I decided to freshen things up a bit.
Late last year, I threw this blog together fairly quickly, with a combination of Jekyll, SASS and GitHub Pages, a lot of Googling, and not so much thought to the design. I wanted somewhere where I could write the odd blog post - be it a tutorial, or a review, or whatever - and I knew that I wanted to be able to write my posts in Markdown, for convenience.
I found the Lanyon Jekyll theme by Mark Otto and liked its clean look, with sans serif headings and serif body text. I tweaked a couple of things in the sidebar, added tags and fiddled with the styles a bit, but nothing major.
Over the past six months, a few things began to niggle me with regard to the design. The main thing was that I wasn’t keen on the typefaces, PT Serif and PT Sans. The PT Serif was a bit heavy for my liking, and the PT Sans too narrow and not heavy enough. Also, I wasn’t keen on the sidebar, as it didn’t really serve any good purpose.
There were quite a few features I wanted to add, and so I figured I may as well redo the whole darn thing. I wanted to have a simpler index, with short summaries of posts (easy to do with Jekyll) rather than the full post. I wanted to add read times to posts and to get the related posts working properly using tags shared between posts (not so easy without plugins). I also wanted to clean up the archive and tags pages, as looked really untidy, with different levels of indentation and bullet points all over the place.
Jekyll and GitHub Pages
If you want free hosting and painless blogging, while still maintaining some freedom over
the design of your blog, then I can’t think of a much better solution than
Jekyll and GitHub Pages. Jekyll is a
templating system that converts Markdown (and Liquid, HTML, CSS) to static HTML pages.
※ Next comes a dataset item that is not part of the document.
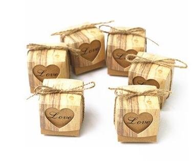 50pcs Love Heart Candy Box Rustic Wedding Gifts Kraft Packing Box With Burlap Jute Ribbon Wedding Party Decoration

GitHub Pages is a service whereby you create your site with Jekyll and push it into a
GitHub repository and out of the other end comes a fully-formed website with your own
domain name (plus .github.io
on the end).
You write your posts in Markdown and put them into a _posts
folder, and that’s all there
is to it. As with any other site, you have stylesheets to change the looks, and you can
even write everything in HTML if you want (??!!) or mix and match HTML and Markdown as you
please.
There are a few really nice things about Jekyll, mostly from the Liquid template engine,
that make your life really easy. With Liquid, code in curly brackets in your HTML or
Markdown files allows you to use variables throughout your site. For instance, you can
grab the title of a blog post with {{ post.title }}
or the tags
with {{ post.tags }}
.
You can also do things that you’d do in a full-blown programming language like for loops
and if/else statements. Jekyll also lets you split different parts of your HTML up into
snippets that you can use in multiple places, again with the voodoo power of curly brackets,
e.g. {% include footer.html %}
.
The Pixyll theme
There are lots of free, open-source themes available for Jekyll. That’s how I came across my original Lanyon theme, and how I found this new Pixyll theme from John Otander.
The Pixyll theme has a beautiful, clean look. Like Lanyon, it uses serif headings and sans serif body text; a look that I wanted to keep, despite wanting to change the typefaces. It uses Lato for the headings and Merriweather for the body text. I much prefer these typefaces; they look more modern.
It also fulfills the other changes I wanted: no sidebar, short summaries on the index page and read times for posts. It also has a nice contact page that uses Formspree for emails.
What’s new
Like I said, the whole thing looks cleaner now, I think. The tyopgraphy is much nicer. Those are the main changes. Importantly, the existing links, etc. should all still work as before.
I’ve made the tags at the ends of posts look nicer to fit in with the look of the tag index page. I’ve also got the related posts working correctly by matching tags between posts; previously it just showed the last five posts, whether they were related or not. The archive and tags pages look much tidier now that the indentation has been fixed and the bullet points have been removed.
It’s also fully-responsive, so it should look equally good on mobile, desktop or laptop.
I hope you like it as much as I do, but don’t be afraid to tell me if you don’t!